The same is true spiritually. Many Christians are conscious—they profess Christ, go to Church, pray, and so forth. But many of them are not really awake, not really out of the posture of sleep, not alert and ready for the challenges and commands of Christian living. Oh, how we need to awake!

The words Wherefore he saith indicate that this verse is a quotation of something, and many commentators have wondered about the source. Some have speculated that is from the Apocrypha, which is ridiculous because neither Paul nor any other New Testament writer ever quotes the Apocrypha. After all, why would they?

Many others, however, think that these lines are from an early Christian hymn. While that might very well be true, there can be little doubt that they are based upon some Old Testament Scripture. This is obvious because Paul used the very same words, Wherefore he saith, back in 4:8, where he partially quotes Psalm 68:18. As John Eadie observes, “It would be quite contrary to Pauline usage to suppose that this formula introduced any citation but one from the Old Testament.”

What Old Testament Scripture, then, does Paul adapt here? Isaiah 60:1: “Arise, shine; for thy light is come, and the glory of the LORD is risen upon thee.” While some commentators say that there is little or no similarity between these two verses, the more one compares them the more likeness he sees. Because of the darkness of sin around them, the people of Israel were admonished to put on the light of Jehovah’s glory since they had not been doing so. Paul brings this admonition into the Church Age, perhaps using his own “free rendering” of it. What a terrible thing it is that there are Christians today who are barely discernable from lost people; quite often values, goals, motives, priorities, and basic attitudes are the same. As theologian and commentator Charles Hodge correlates the two verses: “In both, there is the call to those who are asleep or dead to rise and to receive the light, and there is the promise that Jehovah, Lord, or Christ (equivalent terms in the mind of the apostle) would give them light.”

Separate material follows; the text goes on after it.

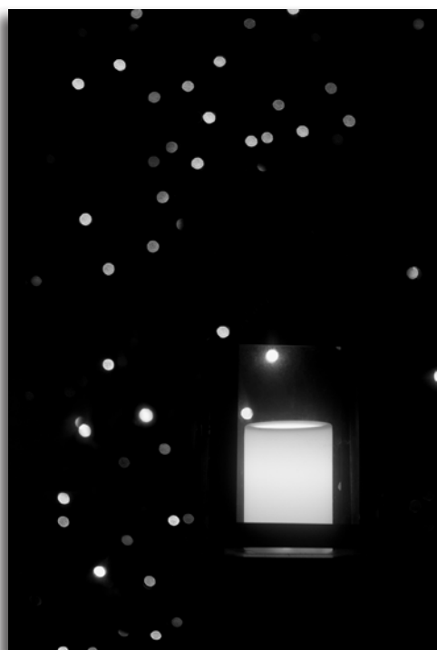
2 nd "Lights and the Night" Carol Fuessenich (Group Green)

Paul goes on to say that such Christians are actually dead. No, this doesn’t mean they are dead spiritually, rather it means they are dead effectively; that is, such Christians are not growing and have no practical vitality or useful witness. This verse is a call to repentance and renewed devotion to the Lord. If we do, Paul adds, Christ shall give [us] light. The implication is that He will give us even more light than we have; that is, He will illumine His Word that much more to our hearts and minds.

Dear Christian, are you asleep? Let us all wake up!